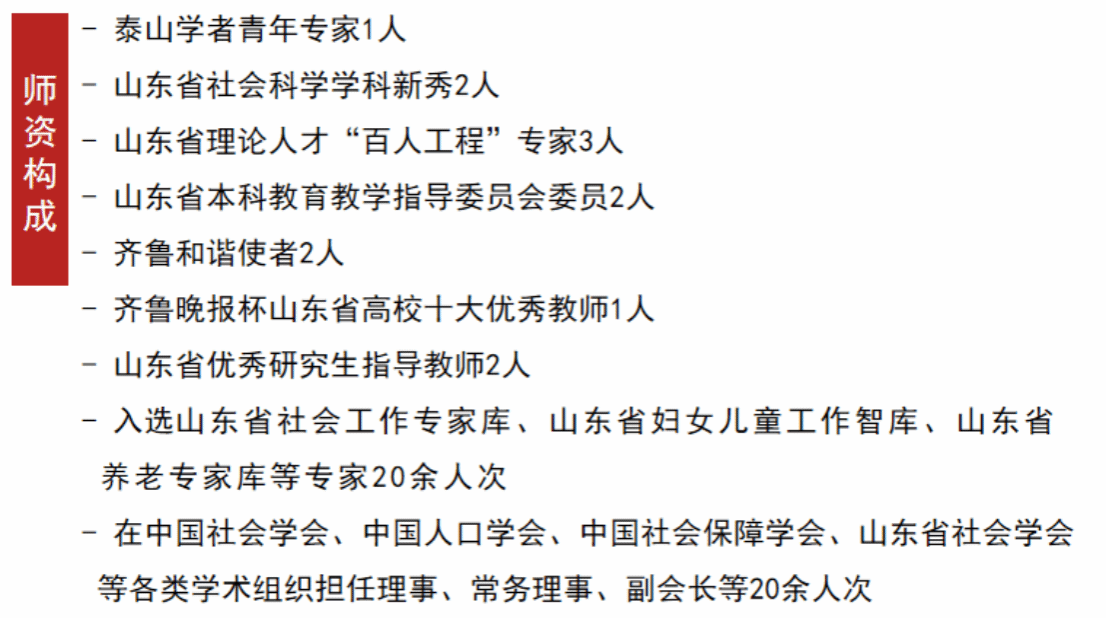 学院拥有教职工104人,其中专任教师92人,教授17人、副教授32人、具有博士学位教师60人,研究生导师57人。拥有享受国务院特殊津贴专家、山东省有突出贡献的中青年专家、泰山学者青年专家、山东省理论人才“百人工程”专家、山东省社会科学学科新秀、齐鲁和谐使者、齐鲁晚报杯山东省高校十大优秀教师等省部级专家20余人次,在中国社会学会、中国社会保障学会、中国法学会法学教育研究会、中国法学会宪法学研究会、中国法学会外国法制史研究会、山东省社会学会、山东省法学会等各类学术组织担任理事、常务理事、副会长等30余人次。
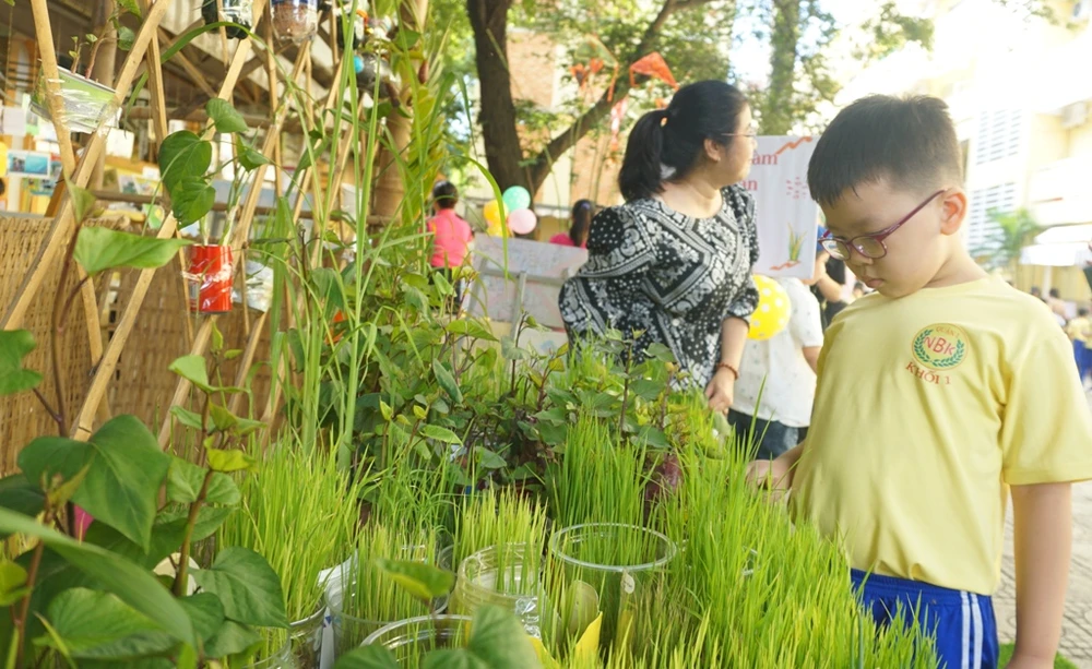Tại ngày hội, Đặng Nguyên Bảo, học sinh lớp 1 tự tin giới thiệu đến mọi người về gian hàng trưng bày các chậu cây xanh tốt do chính em và các bạn trồng, chăm sóc trong suốt thời gian qua.
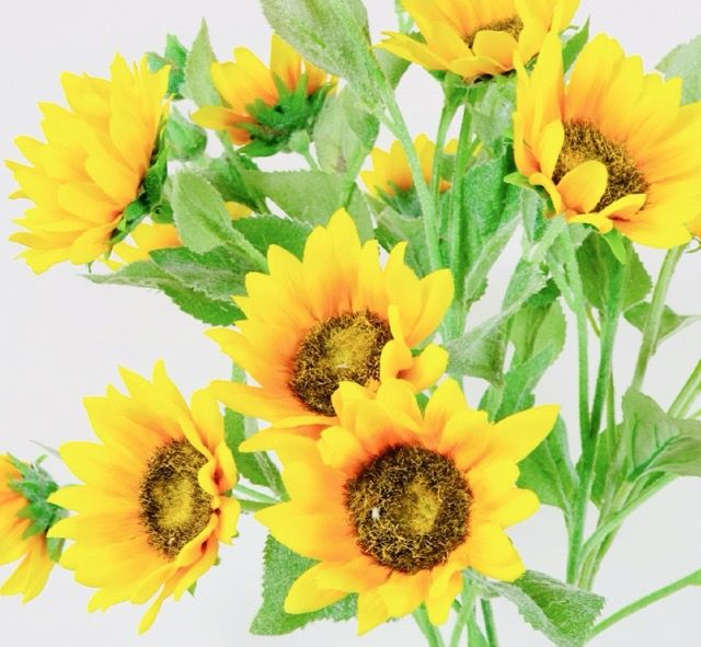 Brighten any space with the cheerful charm of this realistic artificial sunflower spray. Perfect for summer arrangements, farmhouse décor, and year-round displays.Lifelike petals and vibrant colorSturdy, wired stem for easy arrangingIdeal for bouquets, centerpieces, or craft projects
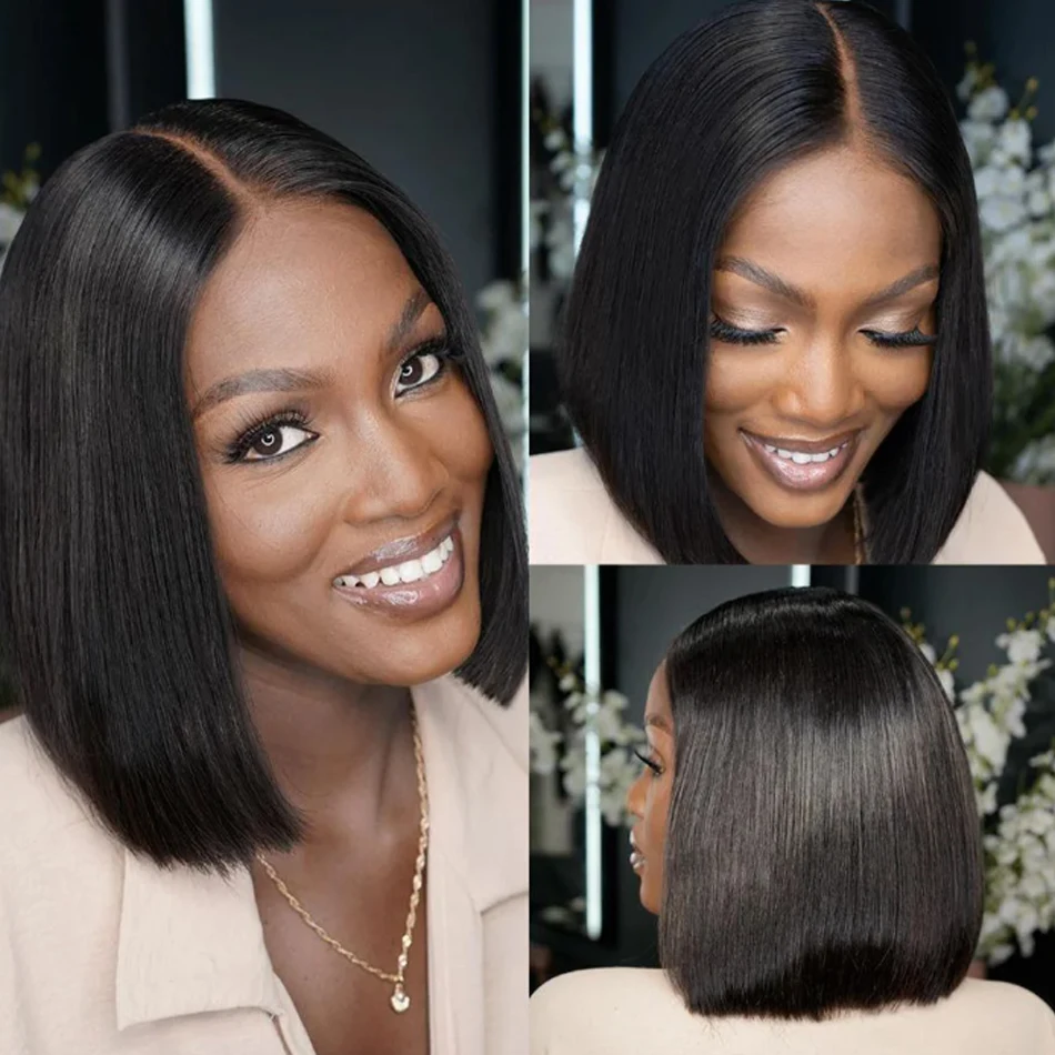 Wear And Go Glueless Bone Straight Bob Wig Lace Frontal 100% Human Hair For Women Bob Wig On Clearance Sale Preplucked Ready Go
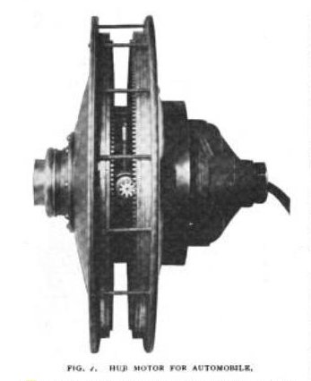 The motors in the truck wheels are fully described in the 1904 article. The motor shaft was horizontal and at each end it had a small pinion, each driving a separate toothed ring attached to the wheel. The arrangements in the diwheel were very probably similar. What Mr Holson may not have appreciated is that all the motors were unsprung weight which would have a bad effect on handling.
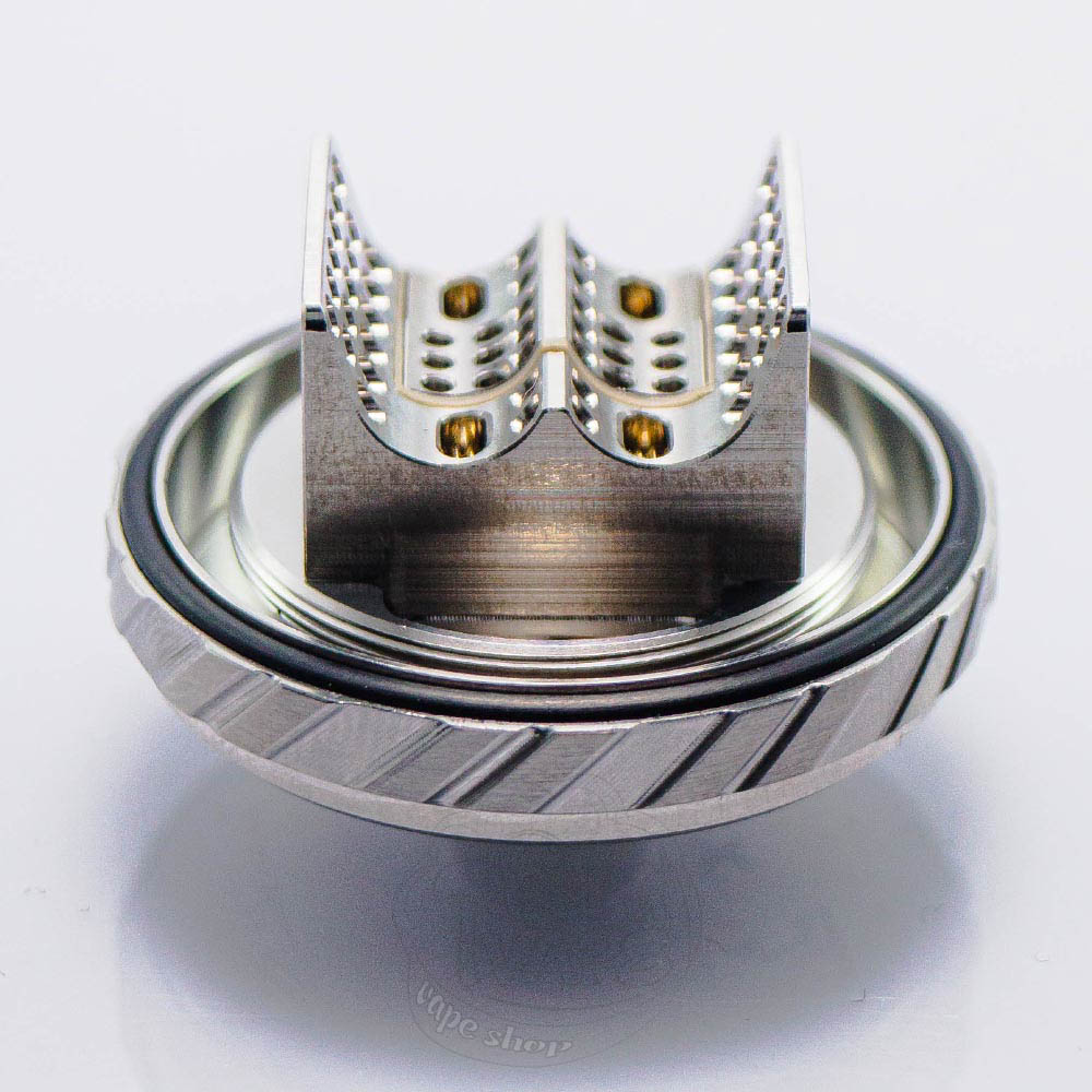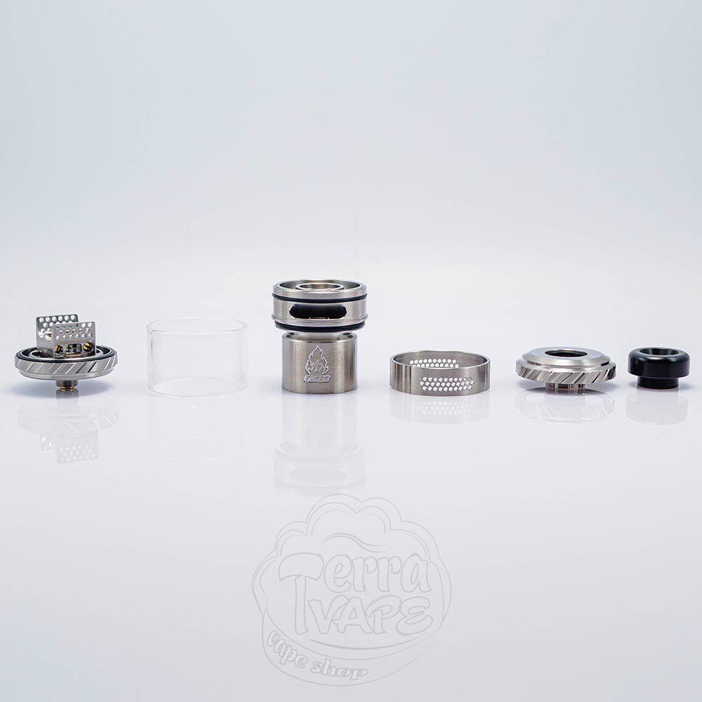 Бак виготовлений з нержавіючої сталі зі стриманим, але впізнаваним дизайном. Атомайзер має великі габарити: видима висота разом з комплектним дріп-типом становить 45.5мм, а діаметр в найширшій частині - 30мм (з прямим склом) або 35мм (з бабл-склом).
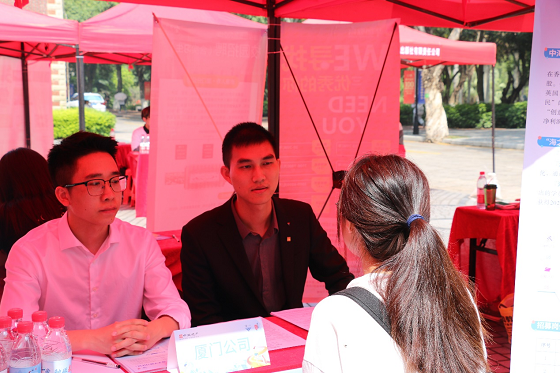 前来应聘的同学带着精心制作的简历,怀揣梦想、踌躇满志,积极投递简历,与招聘人员进行交流,充分展现自己的优势。同学们或是意气风发、激情昂扬,或是略带青涩懵懂但也落落大方,展现了厦大的学子的良好风貌。
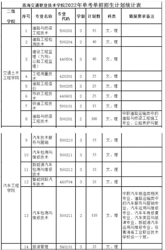 2022青海交通职业技术学院高职单招招生专业道路与桥梁工程技术、道路工程检测技术、工程测量技术、汽车技术服务与营销、智能网联汽车技术、新能源汽车检测与维修技术等。
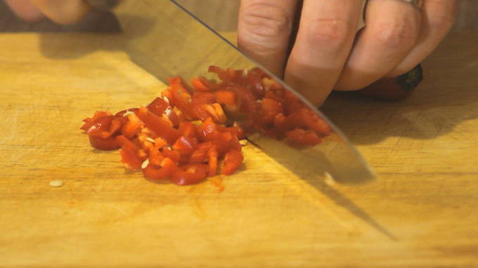 - Mijn chilipeper en in kleine stukjes gesneden.
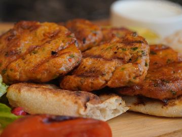 Minced chicken seasoned with red pepper and Mediterranean spices, grilled and served with roasted tomatoes, pepper, and white rice.

_Instructions for the task_
Pictures aside, retype all of the entries word for word.

_Solution to this task_
 学院拥有教职工104人,其中专任教师92人,教授17人、副教授32人、具有博士学位教师60人,研究生导师57人。拥有享受国务院特殊津贴专家、山东省有突出贡献的中青年专家、泰山学者青年专家、山东省理论人才“百人工程”专家、山东省社会科学学科新秀、齐鲁和谐使者、齐鲁晚报杯山东省高校十大优秀教师等省部级专家20余人次,在中国社会学会、中国社会保障学会、中国法学会法学教育研究会、中国法学会宪法学研究会、中国法学会外国法制史研究会、山东省社会学会、山东省法学会等各类学术组织担任理事、常务理事、副会长等30余人次。
Tại ngày hội, Đặng Nguyên Bảo, học sinh lớp 1 tự tin giới thiệu đến mọi người về gian hàng trưng bày các chậu cây xanh tốt do chính em và các bạn trồng, chăm sóc trong suốt thời gian qua.
 Brighten any space with the cheerful charm of this realistic artificial sunflower spray. Perfect for summer arrangements, farmhouse décor, and year-round displays.Lifelike petals and vibrant colorSturdy, wired stem for easy arrangingIdeal for bouquets, centerpieces, or craft projects
 Wear And Go Glueless Bone Straight Bob Wig Lace Frontal 100% Human Hair For Women Bob Wig On Clearance Sale Preplucked Ready Go
 The motors in the truck wheels are fully described in the 1904 article. The motor shaft was horizontal and at each end it had a small pinion, each driving a separate toothed ring attached to the wheel. The arrangements in the diwheel were very probably similar. What Mr Holson may not have appreciated is that all the motors were unsprung weight which would have a bad effect on handling.
 Бак виготовлений з нержавіючої сталі зі стриманим, але впізнаваним дизайном. Атомайзер має великі габарити: видима висота разом з комплектним дріп-типом становить 45.5мм, а діаметр в найширшій частині - 30мм (з прямим склом) або 35мм (з бабл-склом).
 前来应聘的同学带着精心制作的简历,怀揣梦想、踌躇满志,积极投递简历,与招聘人员进行交流,充分展现自己的优势。同学们或是意气风发、激情昂扬,或是略带青涩懵懂但也落落大方,展现了厦大的学子的良好风貌。
 2022青海交通职业技术学院高职单招招生专业道路与桥梁工程技术、道路工程检测技术、工程测量技术、汽车技术服务与营销、智能网联汽车技术、新能源汽车检测与维修技术等。
 - Mijn chilipeper en in kleine stukjes gesneden.
 Minced chicken seasoned with red pepper and Mediterranean spices, grilled and served with roasted tomatoes, pepper, and white rice.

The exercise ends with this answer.